Ly isn’t finished yet.  She is currently working to clean the water systems in Cambodia’s schools as well as increasing the pay for current teachers.

What does she see for the future? Ly is ultimately hoping for many of her students to carry on into higher education, pursuing careers in the fields of their choice.  As an advocate for the young people of Cambodia, Ly has proven that sometimes all a student needs to attend school is a pair of shoes to get there.

An education is a precious thing and has the ability to make or break one’s future. To view a more personal account of Ly’s endeavors, present students with this slide show of two volunteers who spent time working in Cambodian schools.

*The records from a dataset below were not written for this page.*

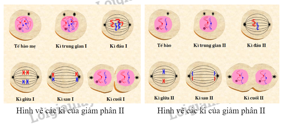 Kì sau II: 2 chromatid trong từng NST kép tách nhau ở tâm động thành 2 NST đơn và đi về hai cực của tế bào.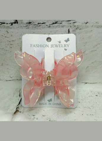 Заколка крабик для волос Бабочка перламутровая розовая 67х59мм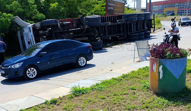 Carreta tomba e interdita parte de estrada da Zona Leste em Manaus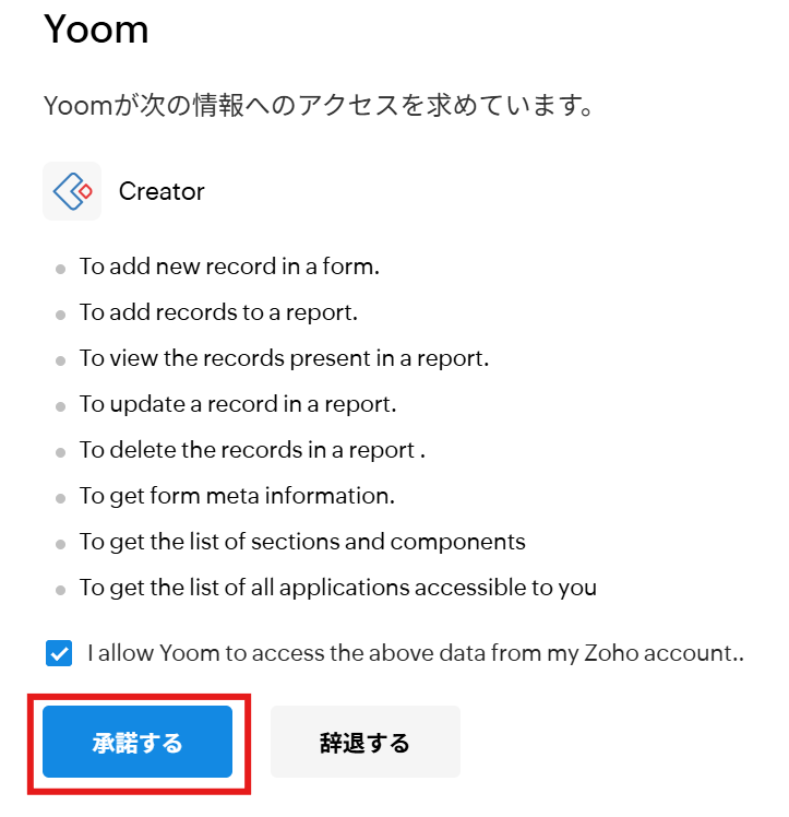 権限設定のページに遷移しますので、権限をすべて許可してください。チェックボックスにチェックを入れて、「承諾する」をクリックすればOKです。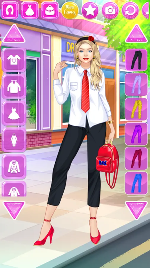 Meet new dress up and makeup girl games free! The huge wardrobe of each model is full of glam dresses and skirts, tops and jackets, trousers, chic shoes, and also jewellery and accessories to complement a fashionable look. Before dressing girl up, choose the color of her skin, eyes, eyebrows, as well as make up: shadows, lipstick and blush, imagine that today you are a makeup artist and take up this styling challenge. It is up to you how to style the outfit of a popular fashion diva or superstar actress today: casual, school, romantic or elegant? With our games for girls you can create your character and become a fashion stylist!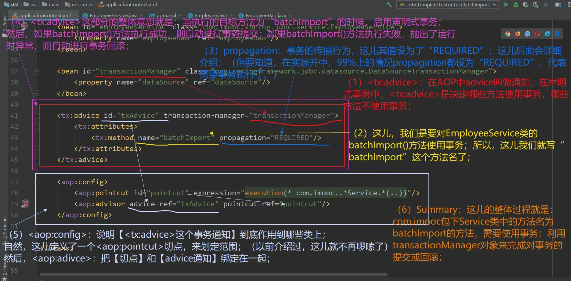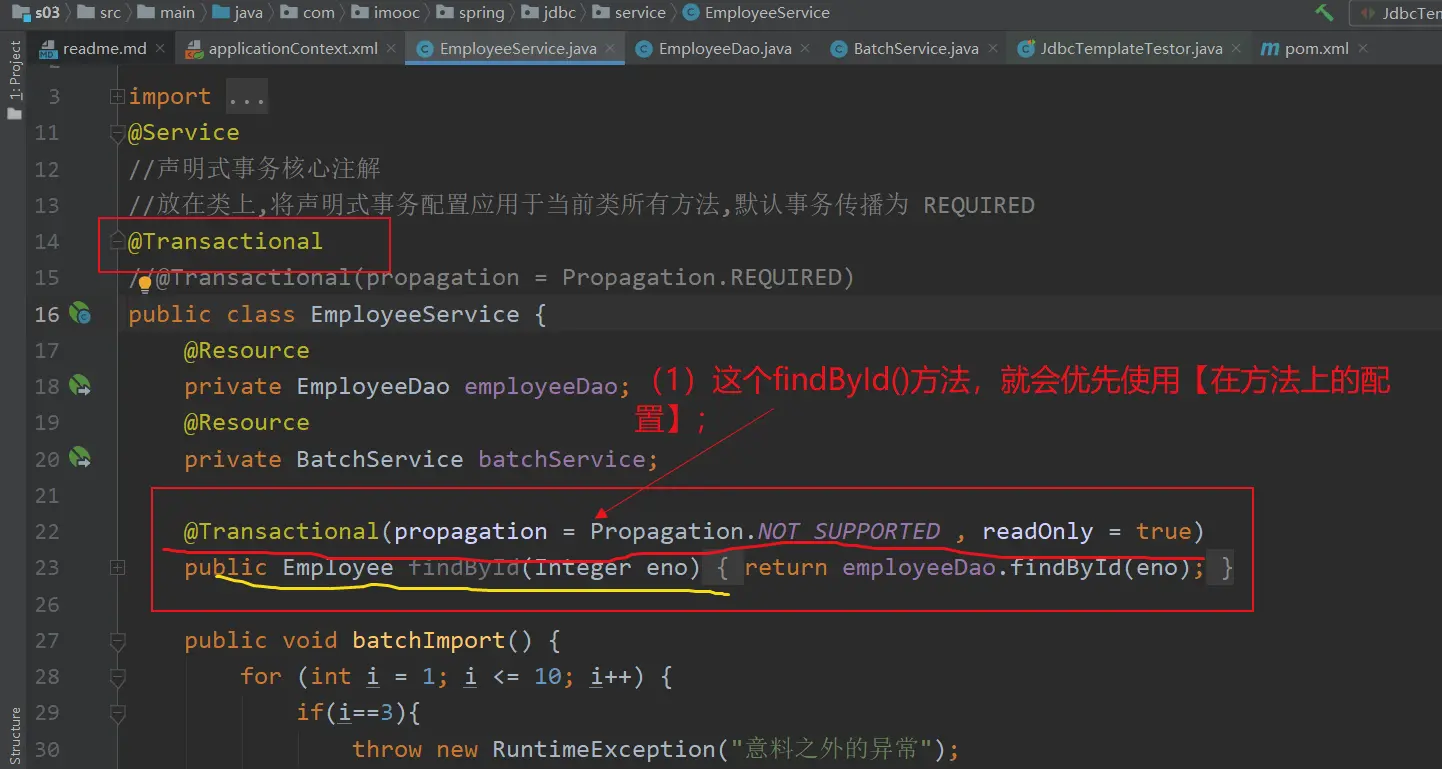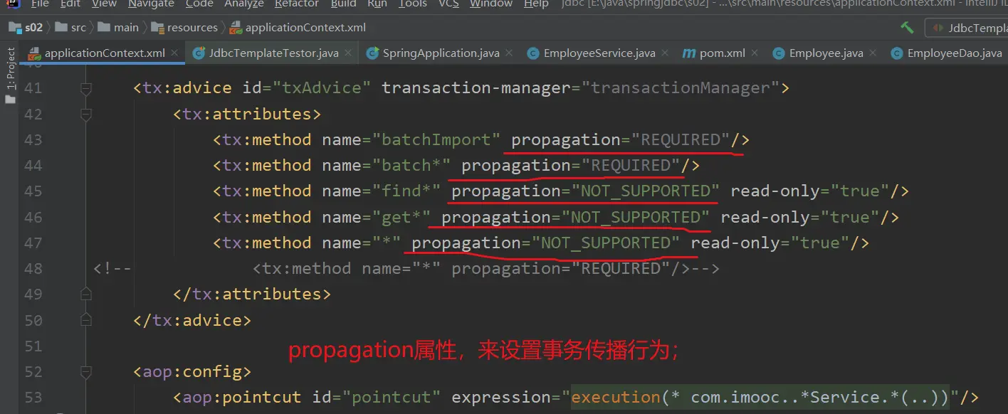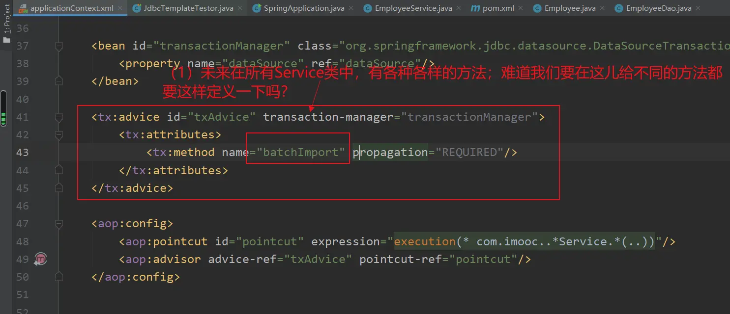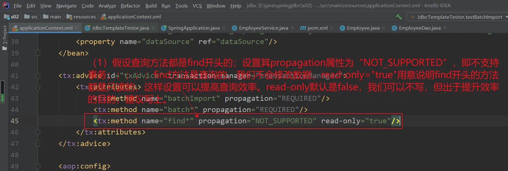 (3)在IoC容器中配置BatchService对象;在EmployeeService对象中注入BatchService对象;设置BatchService两个方法的事务传播方式;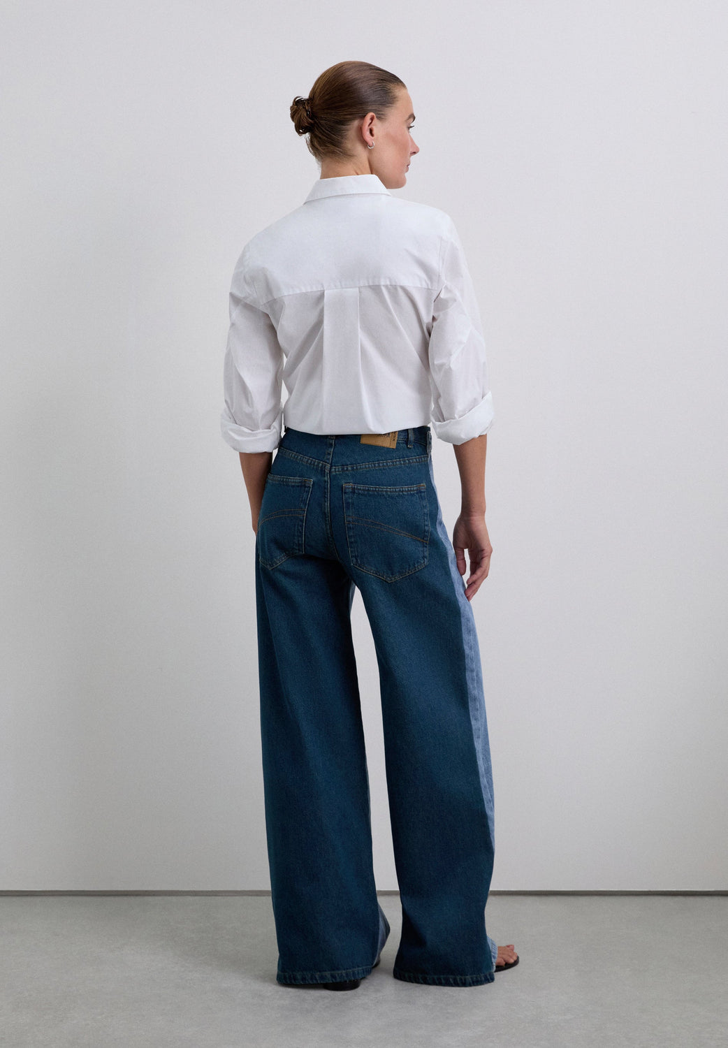Denim trousers made of 100% cotton. regular fit, two-tone, zip and button fastening, belt loops, five pockets.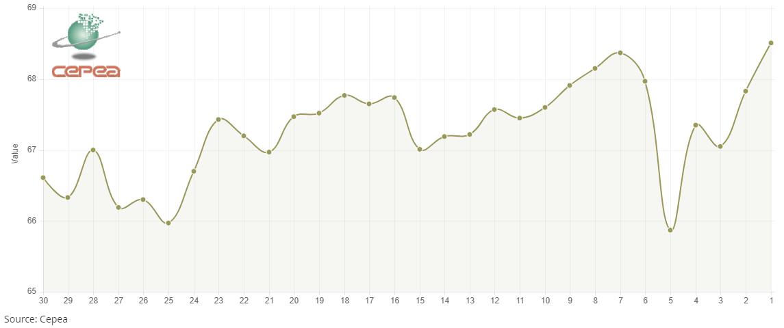 3月9日(周一),巴西CEPEA/ESALQ棉花价格指数报68.51美分/磅,较前一交易日上涨1.00%,较上月同期上涨0.20%。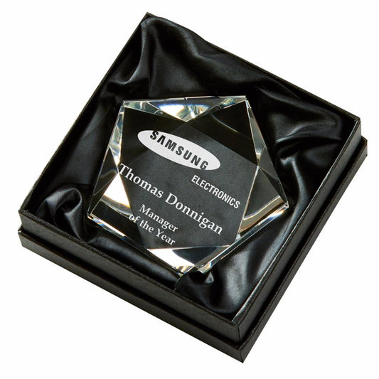 Star-Shaped Crystal Stand (In Presentation Case) - Personalisable Engraving - Available in 3 Sizes

 http://theplf.org/wp/2011/04/tami_cho/

For an even more personal account, visit photographer Lori Carlson’s webpage that gives an inside look at the children of Cambodia. http://www.pbase.com/loricarlson/plf

Post the pictures around the room to give students the opportunity to view them.  Lead a discussion on the importance of education. Is education a right or a privilege? What makes it so? Have students write or share what they appreciate about their education and encourage a whole group discussion with your class.  This can open children’s eyes to see that school is more than just a daily requirement, but a means for success and achievement in all areas of life. For an inside view of the everyday life of Cambodian school children (un-glorified and unedited), view this video of a kindergarten class at lunch time.

What connections can your students draw from the video?  How does this compare to their lunch time?

Ly gives students the opportunity to take part in her mission.  Visit the “Wishlist” on her website and hold a school-wide drive to gather items needed in Cambodian schools. Among others, Ly hopes to collect board games, biodegradable soap and even band aids for her schools.

http://theplf.org/wp/help-us/wishlist/#2

Now it’s your turn.  Do you think education is a right or a privilege? What factors impact this?

As a teacher, would you be willing to provide shoes just for your students to attend?